◆ **Data listing**:
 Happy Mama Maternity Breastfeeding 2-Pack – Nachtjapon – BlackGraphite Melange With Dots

* * *

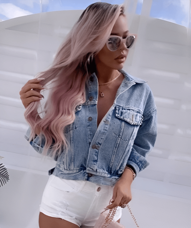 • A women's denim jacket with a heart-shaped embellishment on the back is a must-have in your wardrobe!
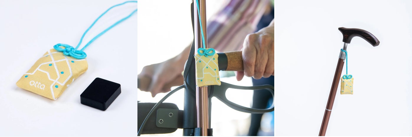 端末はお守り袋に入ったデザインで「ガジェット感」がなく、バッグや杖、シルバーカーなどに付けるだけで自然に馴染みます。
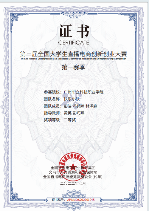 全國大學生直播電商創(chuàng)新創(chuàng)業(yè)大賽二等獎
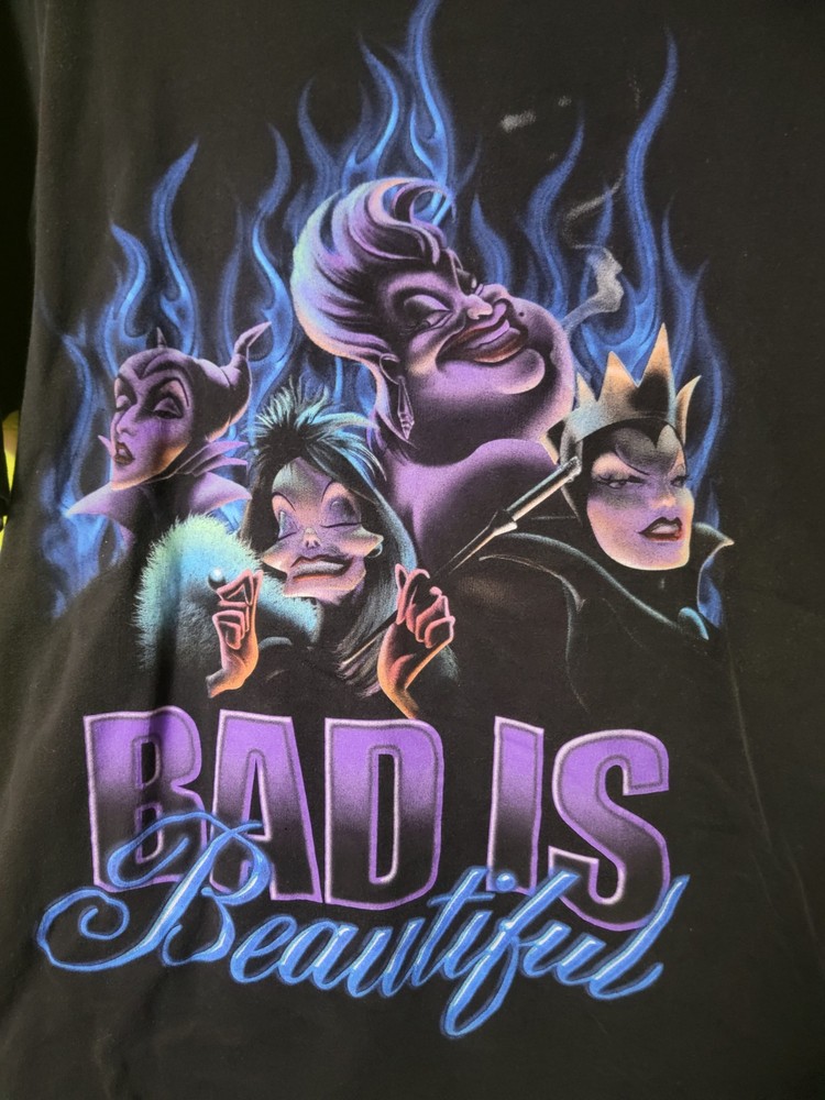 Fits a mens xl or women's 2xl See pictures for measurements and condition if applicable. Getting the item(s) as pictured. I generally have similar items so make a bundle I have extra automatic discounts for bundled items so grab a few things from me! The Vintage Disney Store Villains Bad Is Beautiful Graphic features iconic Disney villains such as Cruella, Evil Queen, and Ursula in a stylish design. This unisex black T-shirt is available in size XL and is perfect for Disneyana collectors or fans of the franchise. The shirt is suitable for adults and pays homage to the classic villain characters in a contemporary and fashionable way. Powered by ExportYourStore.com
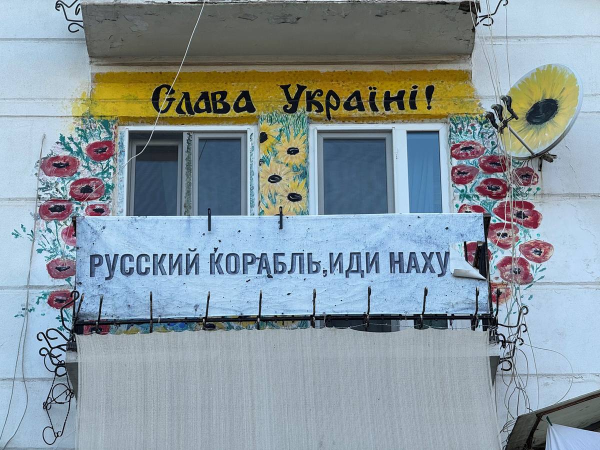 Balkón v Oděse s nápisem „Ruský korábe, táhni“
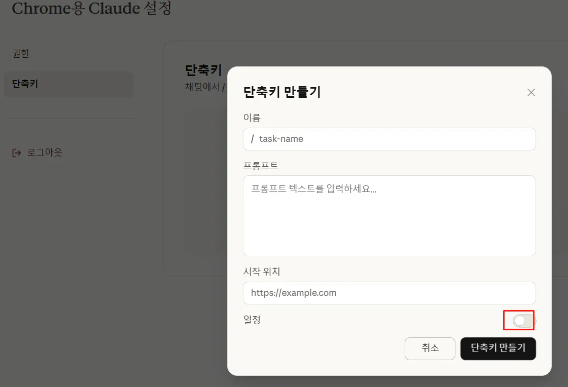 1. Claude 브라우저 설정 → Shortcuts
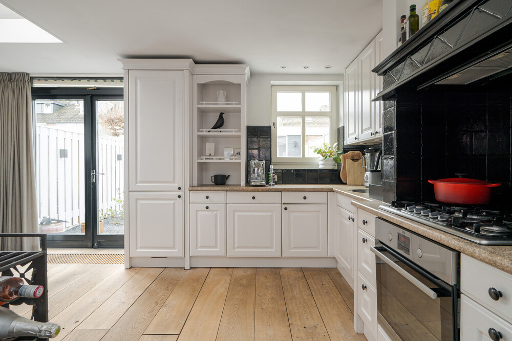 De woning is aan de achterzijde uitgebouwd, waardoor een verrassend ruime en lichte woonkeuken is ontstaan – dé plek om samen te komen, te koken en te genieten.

---

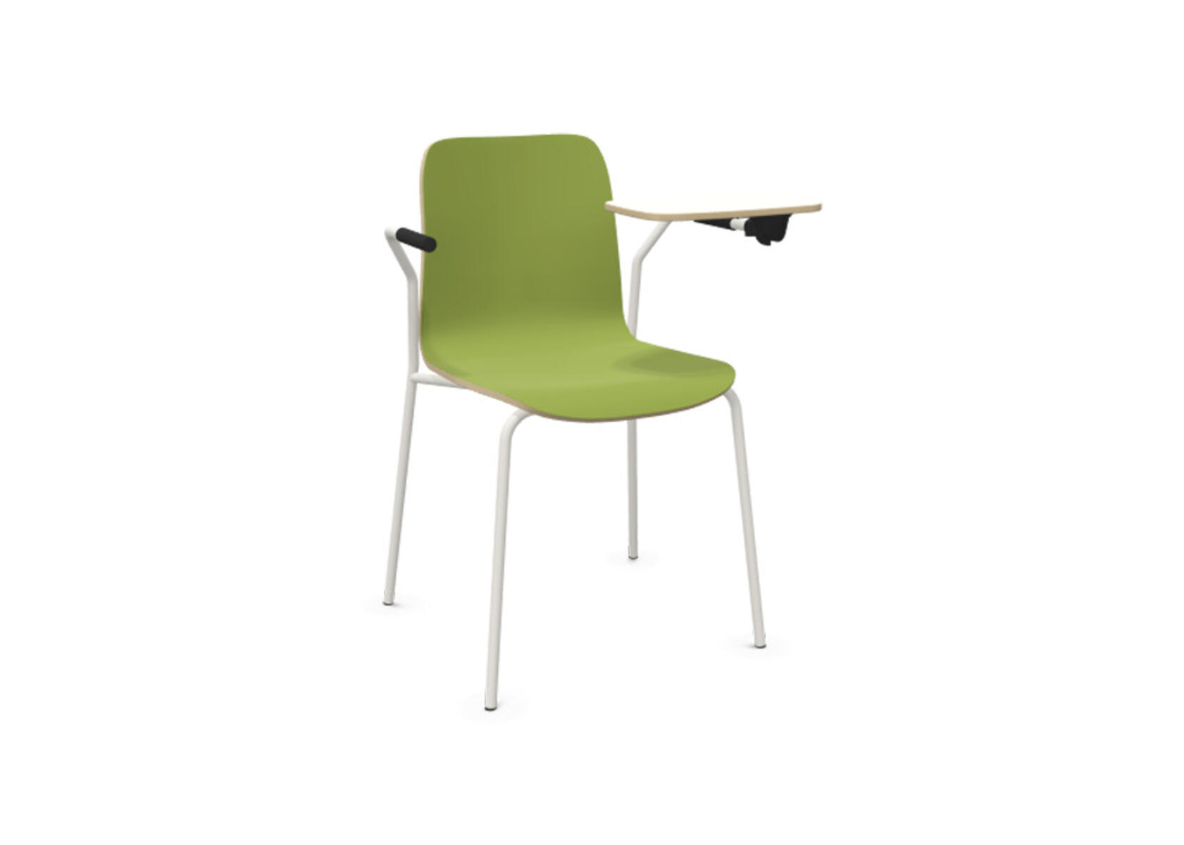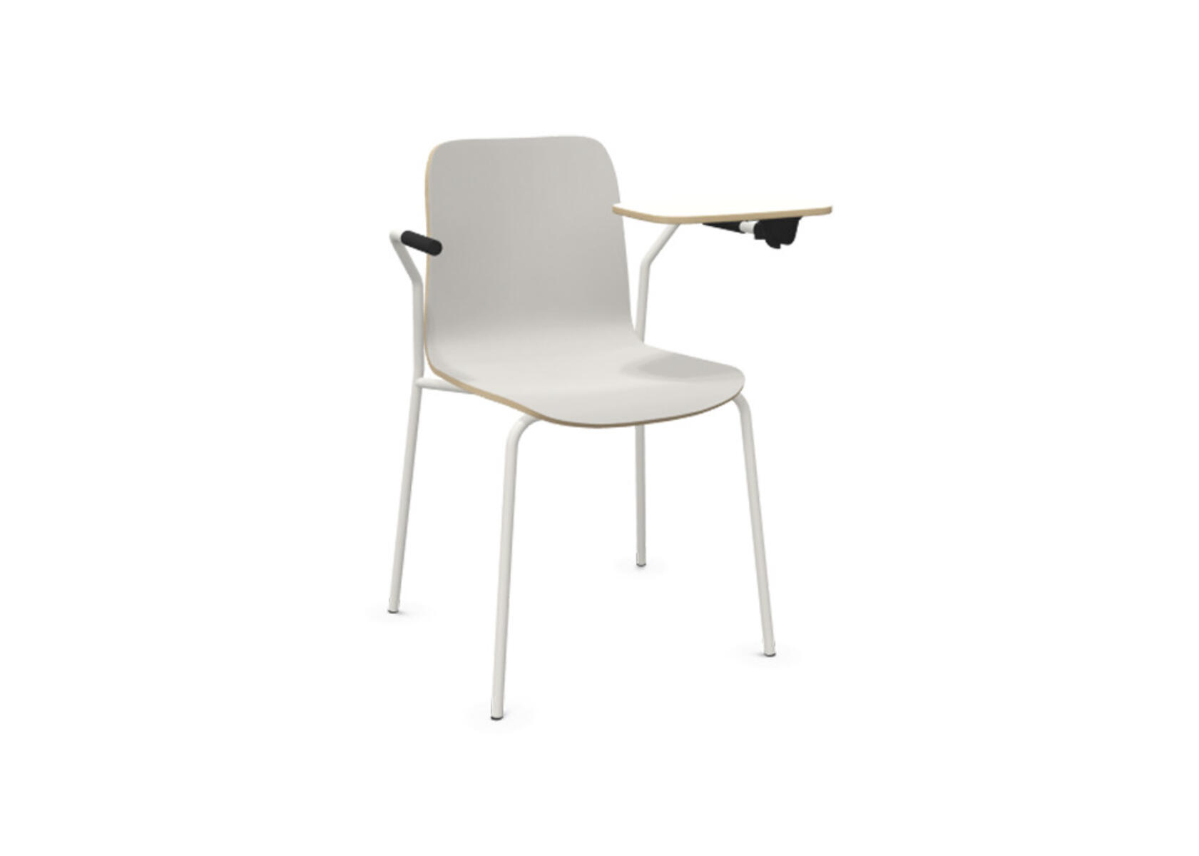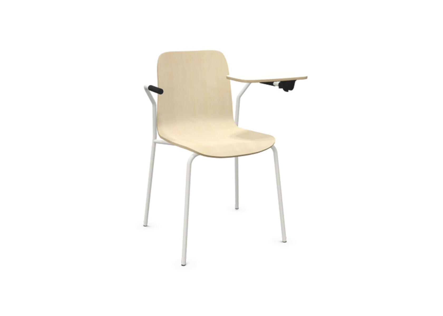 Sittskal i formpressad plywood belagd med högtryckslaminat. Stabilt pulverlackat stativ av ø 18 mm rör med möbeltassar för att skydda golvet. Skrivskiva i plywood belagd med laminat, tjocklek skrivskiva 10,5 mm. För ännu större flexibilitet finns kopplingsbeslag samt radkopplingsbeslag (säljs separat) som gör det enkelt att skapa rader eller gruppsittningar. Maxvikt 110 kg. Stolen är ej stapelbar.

◆ **To do**:
Return only the stretch above from the line containing "端末はお守り袋に入ったデザイ" through the line containing "De woning is", word for word and without pictures.

◆ **Output of the task**:
 端末はお守り袋に入ったデザインで「ガジェット感」がなく、バッグや杖、シルバーカーなどに付けるだけで自然に馴染みます。
 全國大學生直播電商創(chuàng)新創(chuàng)業(yè)大賽二等獎
 Fits a mens xl or women's 2xl See pictures for measurements and condition if applicable. Getting the item(s) as pictured. I generally have similar items so make a bundle I have extra automatic discounts for bundled items so grab a few things from me! The Vintage Disney Store Villains Bad Is Beautiful Graphic features iconic Disney villains such as Cruella, Evil Queen, and Ursula in a stylish design. This unisex black T-shirt is available in size XL and is perfect for Disneyana collectors or fans of the franchise. The shirt is suitable for adults and pays homage to the classic villain characters in a contemporary and fashionable way. Powered by ExportYourStore.com
 Balkón v Oděse s nápisem „Ruský korábe, táhni“
 1. Claude 브라우저 설정 → Shortcuts
 De woning is aan de achterzijde uitgebouwd, waardoor een verrassend ruime en lichte woonkeuken is ontstaan – dé plek om samen te komen, te koken en te genieten.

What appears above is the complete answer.